This time, Southern Co. and Georgia Power will get their numbers right.
Or so officials would like to believe.
Continuing to fund the only remaining nuclear power plant under construction in the U.S. relies largely on decision-makers convincing themselves that the companies can accurately revise cost and schedule estimates for Plant Vogtle’s expansion.
It’s a dicey proposition.
Accuracy hasn’t been a strong suit of the power giants in recent years.
Southern is one of the biggest power companies in the country and the parent of Georgia Power. It has embarked on exactly two mega construction projects in the last decade or so.
Both — the expansion of Plant Vogtle and the Kemper clean coal/gas plant in Mississippi — have gone billions of dollars over budget and faced years of delays.
As each project struggled, Southern and its subsidiaries continued to underestimate the magnitude of the overruns.
Independent monitors for the Georgia Public Service Commission regularly warned about rising Vogtle costs that were more accurate than Georgia Power’s reassurances about stability.

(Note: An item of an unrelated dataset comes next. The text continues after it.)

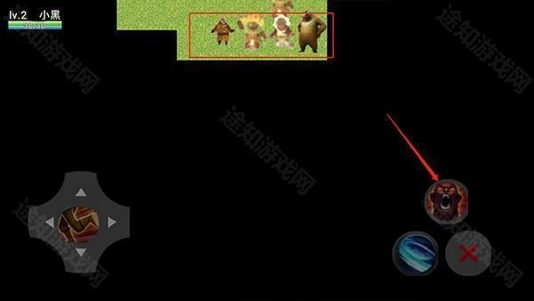 2、然后我们扮演熊二,通过如图的虚拟按键移动;

On Wednesday, Southern offered new preliminary estimates of possible costs to complete Vogtle. Apparently the latest price tag is now nearly double the original estimate of roughly $14 billion.
So I guess now we really know what the project will cost. Right?
Would you make any expensive decision based on the company’s projections?
Southern CEO Tom Fanning, would you bet me a dinner at Waffle House (drinks and tip included) that Southern’s latest estimate falls within $200 million of the actual final total cost? OK, how about $400 million?
It’s like I can already taste those cheese-drenched grits.
Crisis of confidence
If Georgia doesn’t have a crisis in confidence over nuclear cost estimates, it should. (By the way, an average Georgia Power residential customer pays $100 a year toward Vogtle, and they don’t really have a choice because the company has a state-enforced territorial monopoly.)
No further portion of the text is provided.